Discussion on "tetra-eta-series" (2007) in MO

[JmsNxn]

I haven't read the whole post yet in detail (I'd like to take some time to think about the ideas you bring up), but as quick note, let me say a few things. First, the natural boundary I was talking about is the dense set of singularities definition-- a line at which the function fails to be able to be analytically continued since the singularities are so plentiful there is no path through them (i.e. in every open interval on the line of any size there is a singularity). 

I haven't gone through and proved the function is not meromorphic, but, in case you didn't already know-- "most" functions have a natural boundary! For instance, if you pick a random Taylor series, it will have natural boundary at the unit circle (with probability 1). A similar result holds for Dirichlet series, if you pick one with random coefficents it will have a natural boundary on some line. In fact, (Polya?) has a theorem that has changed my view forever.  If you pick a power series with integer coeffiencts, it is either a rational function or has a natural boundary! This is pretty absurd-- my own 'corollary' is that "A power series with integer coeffiecents is either interesting or doesn't have a natural boundary." Nowadays, whenever I see a function with lots of singularities, I pretty much just automatically assume its got a natural boundary.

However, I do actually have some reasons to believe Gottfried's function has a natural boundary. Consider instead the series 
\[F_x(z)= \sum (-1)^n z^{n^x}\] 
I write the series with x as a subscript to emphasize that I fix x and think of z as varying. For integer x>1 this function actually has a natural boundary on the unit circle, but something called the Fabry gap theorem, which says that when the coeffiecents are integers growing infinitely faster than \(n\) you end up with a function with a natural boundary. Notice that at x=2 \( F_2(z)\) is basically the theta function, so its pretty much a modular form. One also has that
\[G_x(z)= \sum (-1)^n z^{\lfloor (n^x) \rfloor}\] 
has a natural boundary for all real numbers x>1. Even without the floor being applied, I'd say its a safe bet that it should still have a natural boundary. Basically, if the coeffiecnts grow too fast, you should expect it to have a natural boundary. Now, Gottfrieds function 
\[ \sum (-1)^n n^{n^x}\] 
grows even faster, and than the other functions, so it probably should have a natural boundary. In fact, the line \( \mathfrak{R}(x)>1 \) is right where the growth of the coefficents graduates beyond even factorial growth-- it becomes too fast growing for Borel transformations to work. I've never heard of a function with such fast growth rate that doesn't have a natural boundary-- I don't know if such a thing is even possible. So anyway, Gottfried's function probably has a natural boundary, or at least, I would be highly suprised if it didn't have a boundary there.

AHA!

You did not apply my change of variables, as I suspected!!!!!!

I am looking at:

\[
\sum n^{n^{-s}}\\
\]

Which is where I started by "zeta" function talk! Gottfrieds summation formula does not hold for this function, my function is simply a holomorphic function, which formally satisfies the same infinite series manipulations that Gottfried's would if it were entire, or we're in a perfect world.

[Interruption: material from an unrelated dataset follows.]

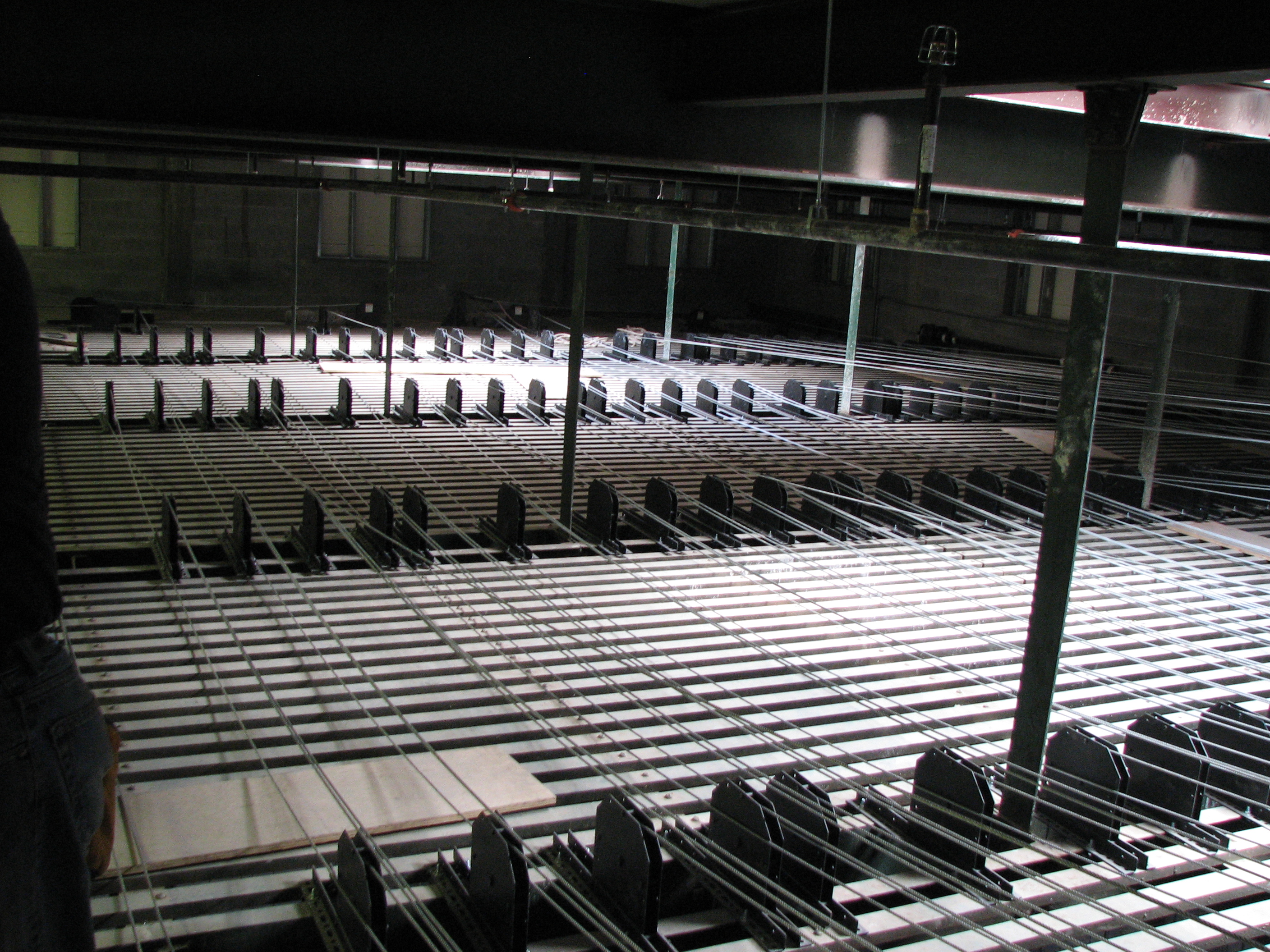 Project included (32) Single Purchase Counterweight Linesets 6” OC, (5) dedicated electric battens, pyro activated fire curtain, soft goods package, stage riser kit, roll up movie screen, and a flown 3 piece Orchestra Shell with removeable US wall panels.

So my function is written as:

\[
P(s) = \sum_{m=1}^\infty g(m) m^{-s} = T(-s,2)\\
\]

The convergence of my zeta function, is for \(\Re(s) > 1\)--but in your/Gottfried's language, this means it converges for \(\Re(s) < -1\). My main goal has been to analytically continue Gottfried's function--and I started by observing the partial sums:

\[
P_N(s) = \sum_{m=1}^N g(m) m^{-s}\\
\]

Which look A LOT like:

\[
\sum_{n=1}^N n^{n^{-s}}\\
\]

I suspect entirely that Gottfried's function diverges on the boundary--but numerically analysing that is not the best way, in my opinion. And as much as I love a lot of Polya's work; it's also meant to be taken with a grain of salt. If I can write a continuation to the right half plane, which converges for \(\Re(s) < -1\), and these coefficients grow like \(O(log(m))\) (I just ran some code to double check my assumptions, and I was right on how we should expect the zeta coefficients to grow).

I think our mix up is you are using Gottfried's function. I am changing the variables \(s \mapsto -s\)--and then I am finding that this is actually a zeta function. And then I am wondering if we can analytically continue the zeta function. Just because it "looks" like a natural boundary, does not mean it is one. But that'd be super cool if it is . That would mean we have TWO distinct functions, one holomorphic for \(\Re(s) > 1\) and one holomorphic for \(\Re(s) < -1\); and there's a bunch of mystery there. Despite both "formally" equaling Gottfried's series.

Hope that makes sense!

---

I've caved and started running some code and am currently making graphs as we speak. But graphing in PariGP using Mike3's program is very time consuming. It is super accurate, but very time consuming!